The reason I feel qualified to comment on the support is because I have dealt with them and their designated local dealers on an Aspen 175 I had on order.
I don't see anything in this thread stating anything negative about Greenwood products. Maybe someone else is telling you negative things about greenwod(??)


----------



## SE Iowa (Aug 1, 2008)

Chase 2378

$8000 for heating oil?  How large of a home are you heating? I didn't think NJ winters were that bad.  I'd look into better insulation if it is an old house etc b/f I'd worry about heating with wood.


----------



## WoodFarmer (Aug 13, 2008)

Chase - I'm looking into these units in NJ also and would like to compare notes.


----------



## ISeeDeadBTUs (Aug 13, 2008)

MY GW100 will be operating two year come January. This summer we are running it a lot for DHW. Just my opinion, but GW's servce sucks. The unit itself seems fine, except that the refractory cracks - probably from thermal shock - too easily.
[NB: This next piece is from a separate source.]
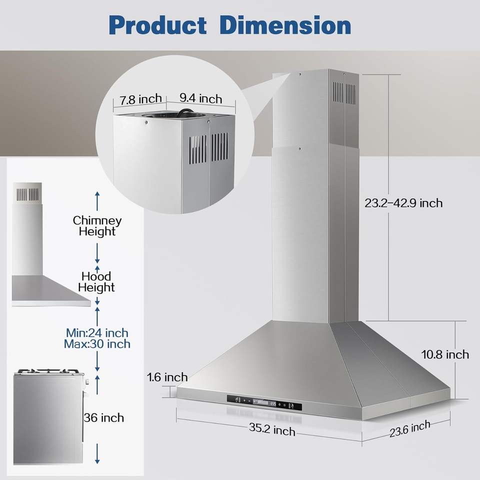 Campana Extractora Island de 36 Pulgadas, 700 CFM, Montaje en Techo, Convertible con/Sin Ducto, Control Táctil con Sensor de Gestos

Depending on whether I have to buy wood this year, my payback should be about April 2010. Would I buy another? Maybe. But not until I was positive that the Vitolig200 was unavailable.

Jimbo


----------



## trailhound68 (Aug 14, 2008)

I have a Seton 100 on line for one season. I have no refractory cracking issues. My unit, though, was not put together very well and leaks at a lot of the seams. I will need to seal it up somehow. But overall, I am impressed with unit. It has a lot of potential. The best feature is the whole logs that it burns. Not splitting and stacking means a lot less work.


----------